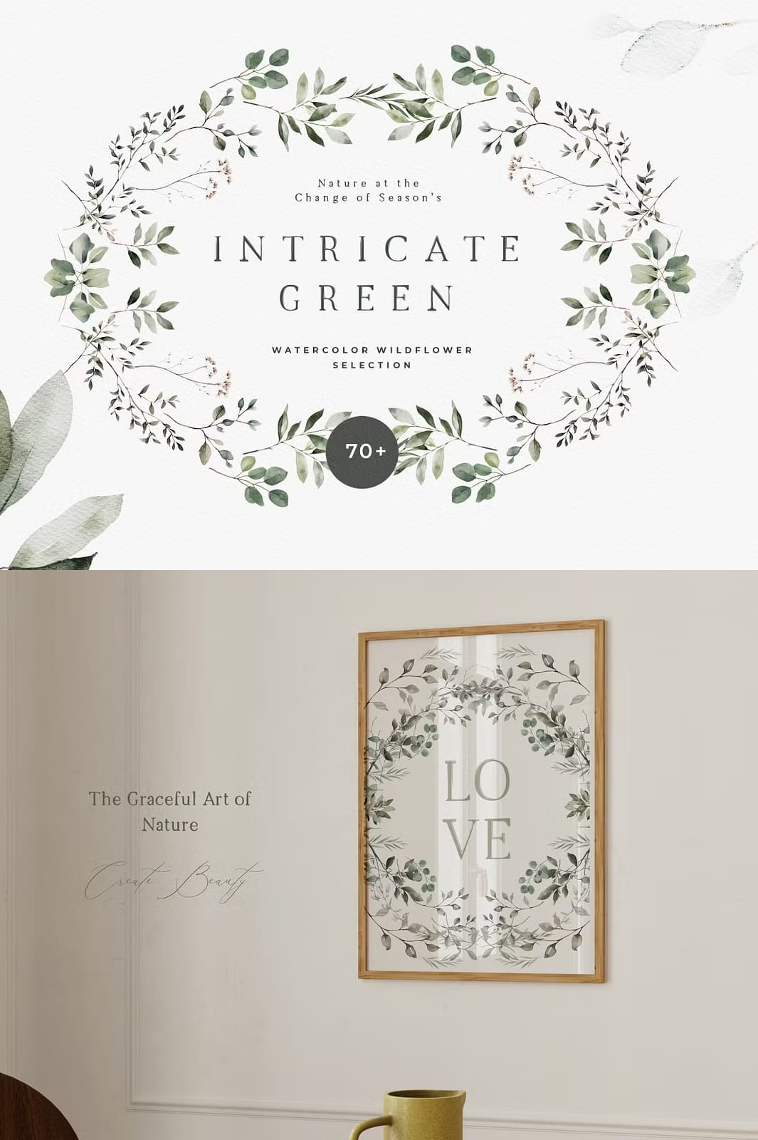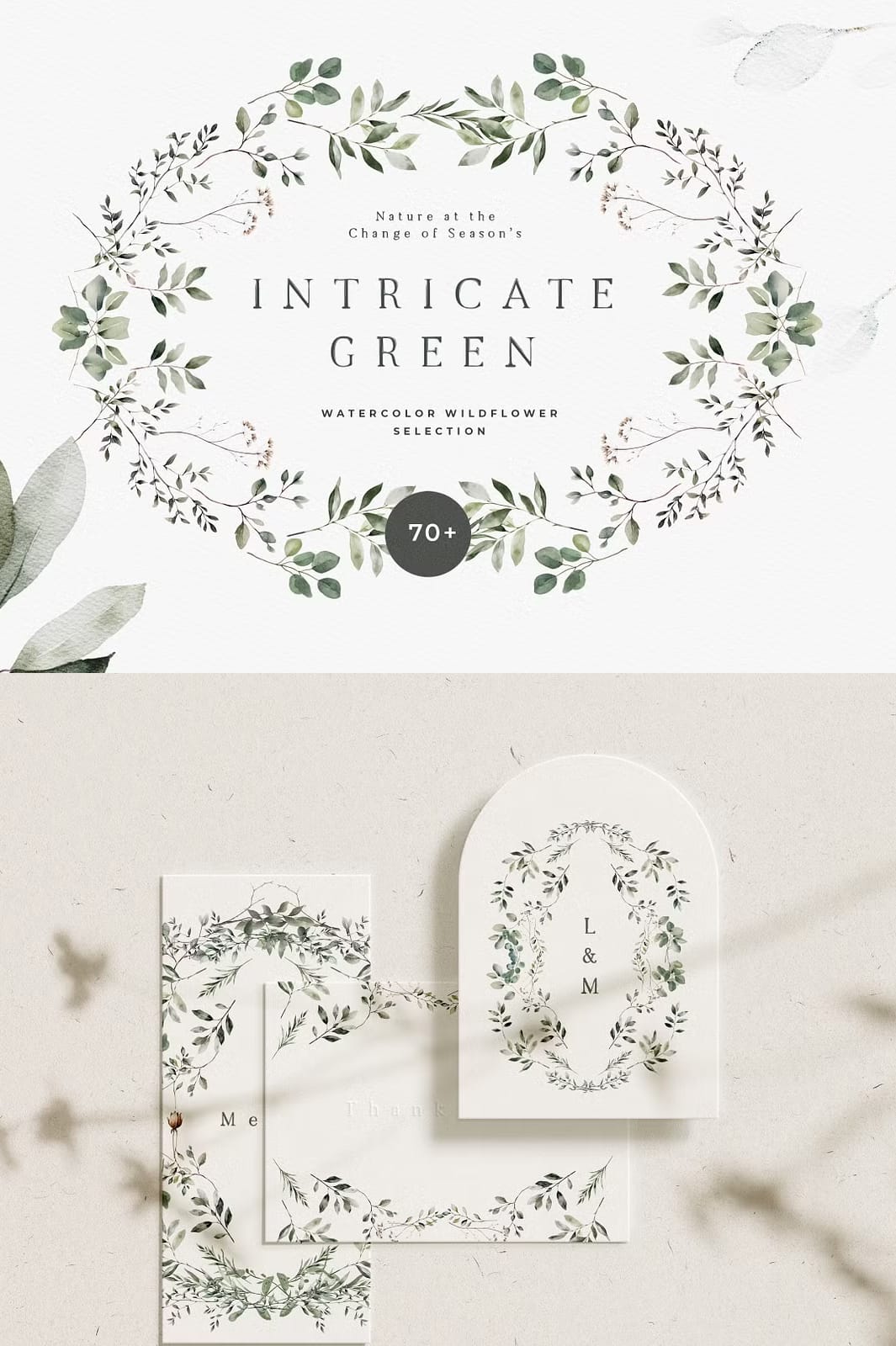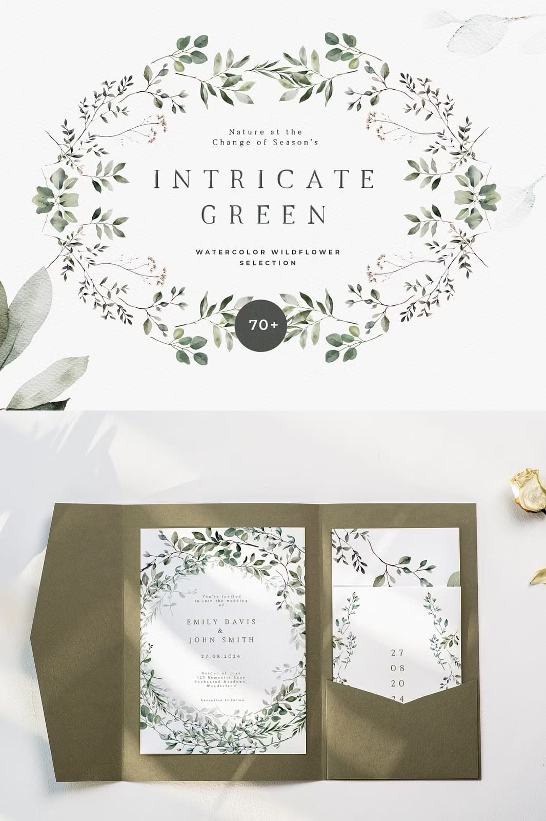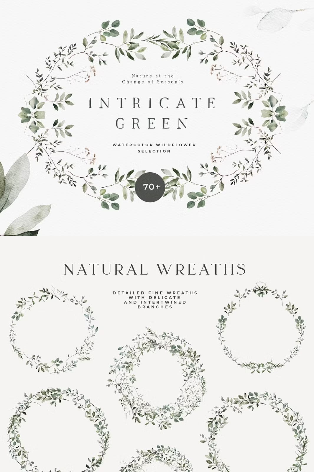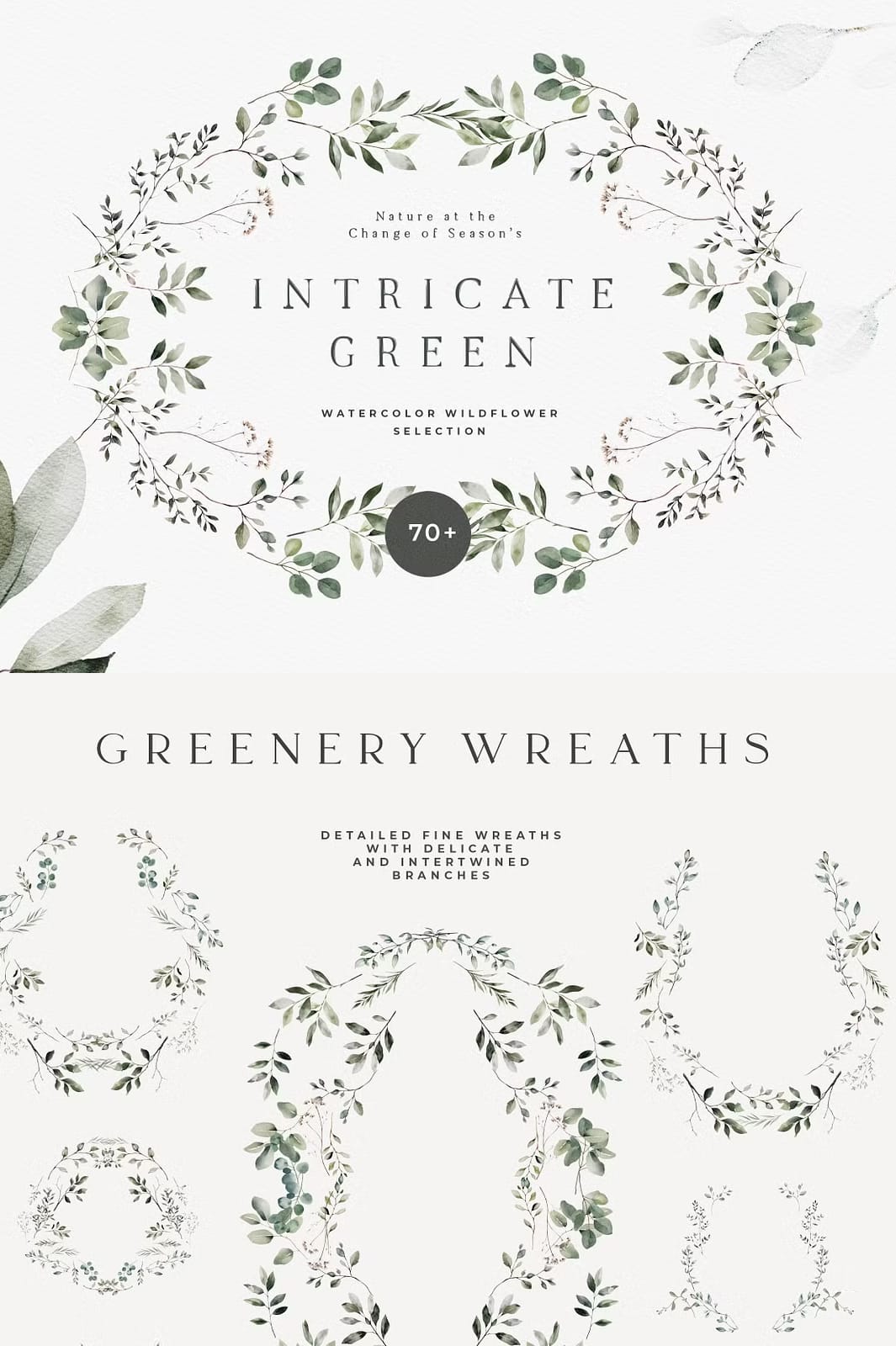 A beautiful trend to elevate your designs in 2024: Intricate greenery, twigs and leaves that artfully intertwine for versatile and delicate designs. These natural and minimalist watercolor wreaths, twigs and patterns add a fresh and simplistic touch of elegance to your wedding invitation, green wedding designs, planner dashboard, prints and posters, textile designs or branding.
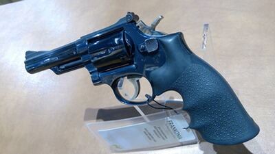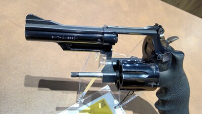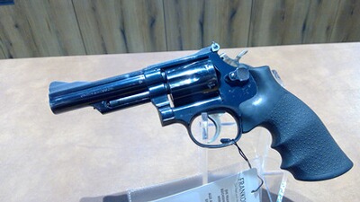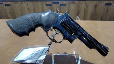 Revolver Smith & Wesson 19-4 im Kaliber .357Mag gebraucht 6- Schuss Trommel, 10,50cm Lauflänge Guter Zustand. Hogue Monogripp Griffschalen. Beschussjahr 79.
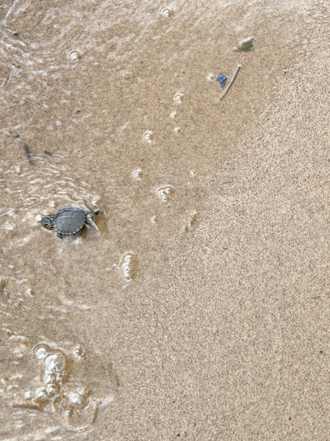 Pytteliten sköldpadda som Lillasyster hittade på vägen. till stugan. Tog upp och förde ner till sjön. Vågorna slog hårt mot stackaren och vem vet om den faktiskt klarade sig….?
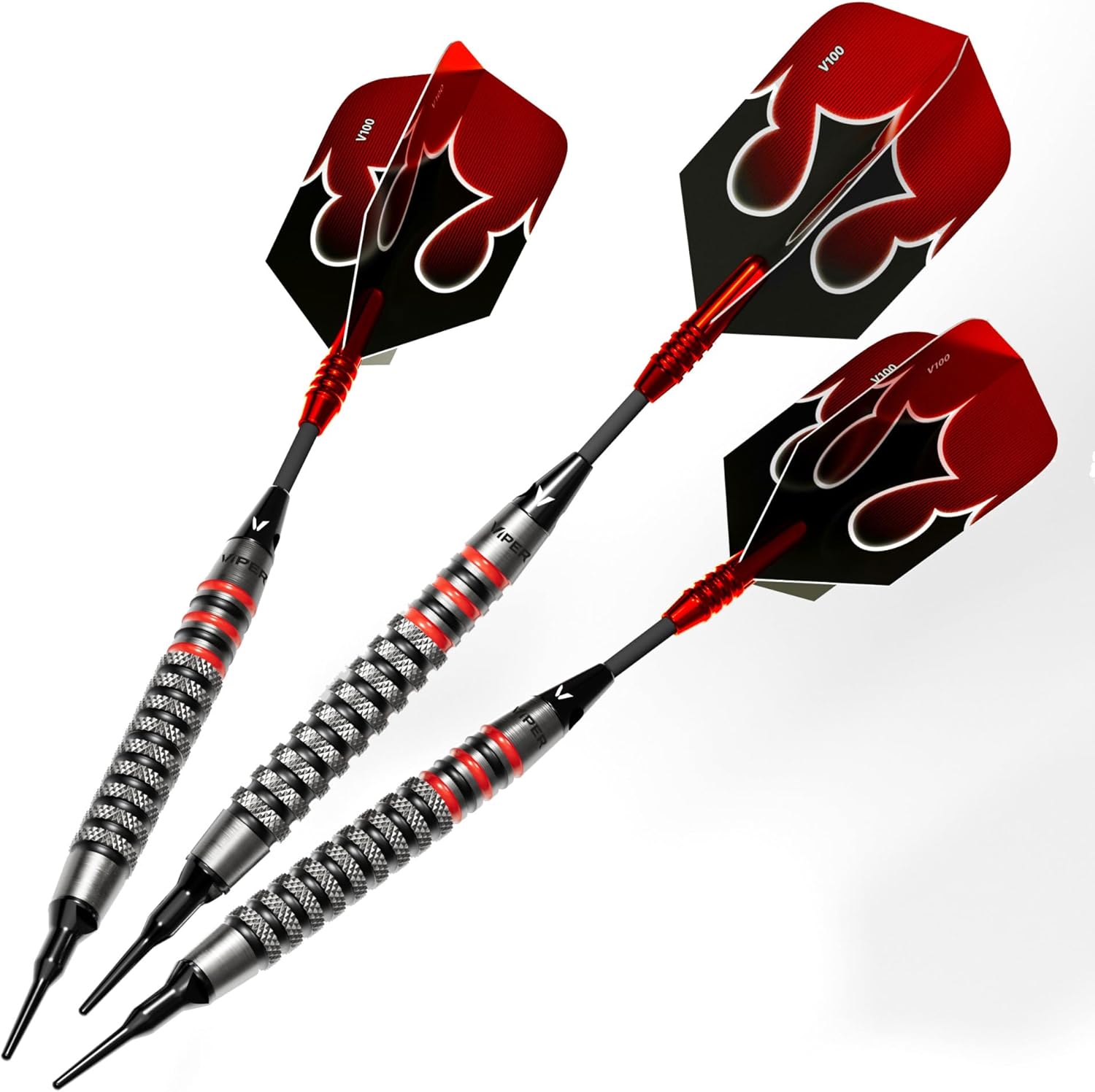 The Viper Shot King Tungsten Soft Tip Dart Set in Silver delivers pro-level performance with a sleek and polished design. Each dart weighs 20 grams and is built with 80% tungsten barrels, which offer exceptional strength and a slimmer profile for tighter groupings. The high-density material reduces bounce-outs and resists wear over time, making this set a strong choice for players who demand accuracy and longevity in their equipment. Whether you're playing competitively or casually, these darts offer the precision needed to keep your scores consistent. Each dart is outfitted with carbon fiber shafts, known for their lightweight structure and durability. The shafts help stabilize the dart during flight, reducing drag and improving consistency from throw to throw. These soft-tip darts are fully compatible with electronic dartboards, making them ideal for adult players who enjoy digital scoring and soft-tip tournaments. The visual design features silver flights that contrast cleanly against the black and carbon components, giving the set a confident, professional appearance that looks sharp in any game room or league environment. This complete soft-tip dart set comes packaged with everything a player needs to stay game-ready. It includes an extra set of shafts and flights, three additional soft tips, six flight protectors to preserve shape and performance, and a dart wrench for easy maintenance. All components are stored in the durable Nomad dart case, which keeps everything organized and protected whether you’re storing your gear at home or traveling to a tournament. The Viper Shot King Silver 20-gram dart set is built for adults who want dependable equipment and a refined look. From its precision-focused construction to its long-lasting accessory kit, this set is designed to support serious gameplay over time. Viper’s lifetime barrel guarantee adds an extra layer of confidence, ensuring players can rely on their darts season after season.
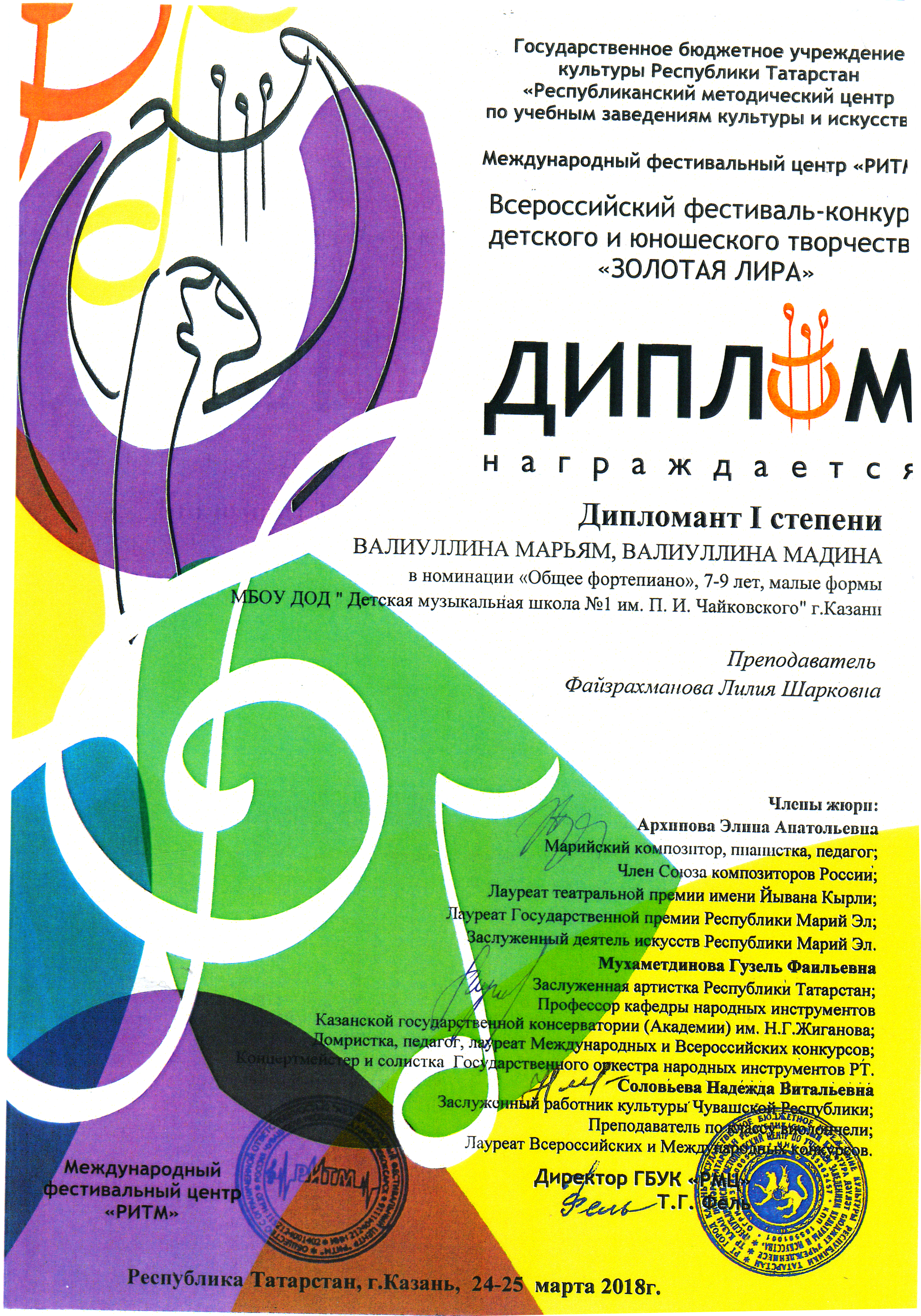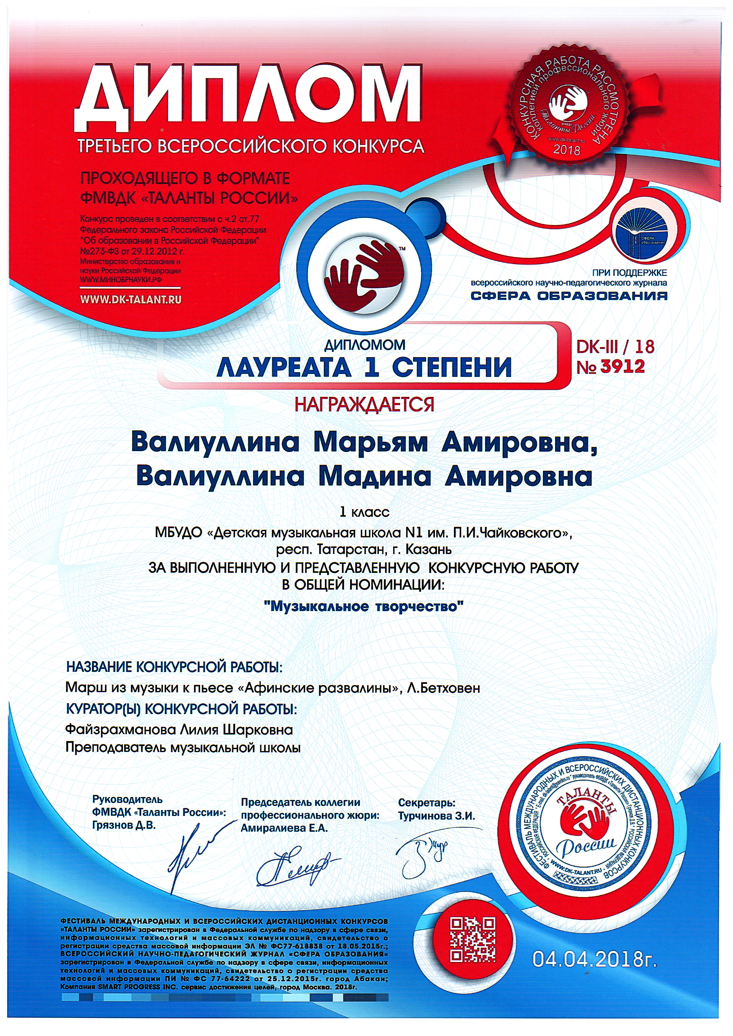 Третий Всероссийский конкурс "Таланты России" - Валиуллины Мадина и Марьям, Лауреаты I степени;

● ● ● ●

* Assignment: Please return only the lines from the top of the data through the line with "Revolver Smith &", exactly as written, and drop every picture.

* Task response:
 A beautiful trend to elevate your designs in 2024: Intricate greenery, twigs and leaves that artfully intertwine for versatile and delicate designs. These natural and minimalist watercolor wreaths, twigs and patterns add a fresh and simplistic touch of elegance to your wedding invitation, green wedding designs, planner dashboard, prints and posters, textile designs or branding.
 Revolver Smith & Wesson 19-4 im Kaliber .357Mag gebraucht 6- Schuss Trommel, 10,50cm Lauflänge Guter Zustand. Hogue Monogripp Griffschalen. Beschussjahr 79.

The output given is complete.